GPU-Accelerated Algorithms for Compressed Signals Recovery with Application to Astronomical Imagery Deblurring
This work addresses bandwidth-efficient compression for astronomical data processing, though it is incremental as it builds on existing circulant matrix methods with GPU optimizations.
The paper tackled the problem of GPU memory constraints limiting the size and speed of compressed signal recovery in compressive sensing, achieving a tenfold speedup and enabling recovery of very large signals with limited memory.
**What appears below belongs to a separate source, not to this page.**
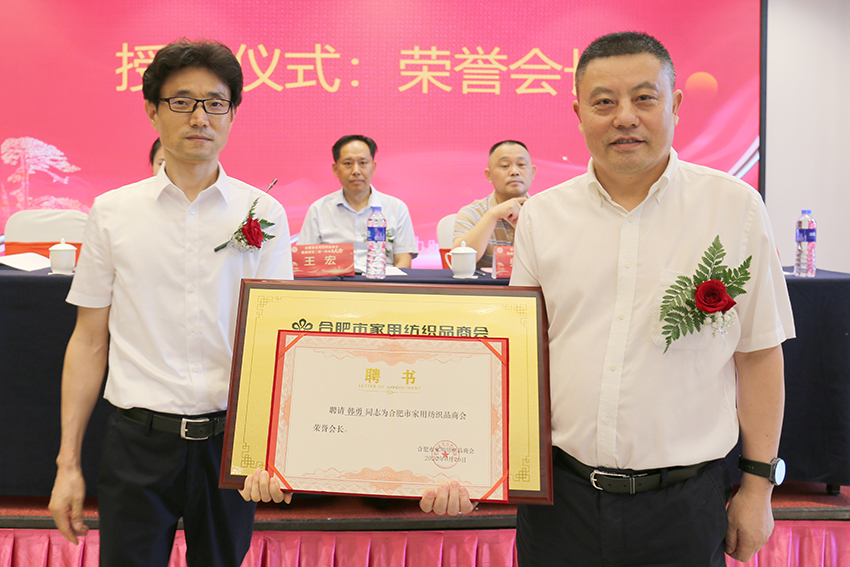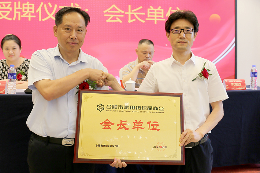 大會聽取了合肥市家用紡織品商會上一屆工作報告,并選舉產生了新一屆監事單位、副會長單位、顧問單位以及會長單位,現場進行了授牌儀式。

Compressive sensing promises to enable bandwidth-efficient on-board compression of astronomical data by lifting the encoding complexity from the source to the receiver. The signal is recovered off-line, exploiting GPUs parallel computation capabilities to speedup the reconstruction process. However, inherent GPU hardware constraints limit the size of the recoverable signal and the speedup practically achievable. In this work, we design parallel algorithms that exploit the properties of circulant matrices for efficient GPU-accelerated sparse signals recovery. Our approach reduces the memory requirements, allowing us to recover very large signals with limited memory. In addition, it achieves a tenfold signal recovery speedup thanks to ad-hoc parallelization of matrix-vector multiplications and matrix inversions. Finally, we practically demonstrate our algorithms in a typical application of circulant matrices: deblurring a sparse astronomical image in the compressed domain.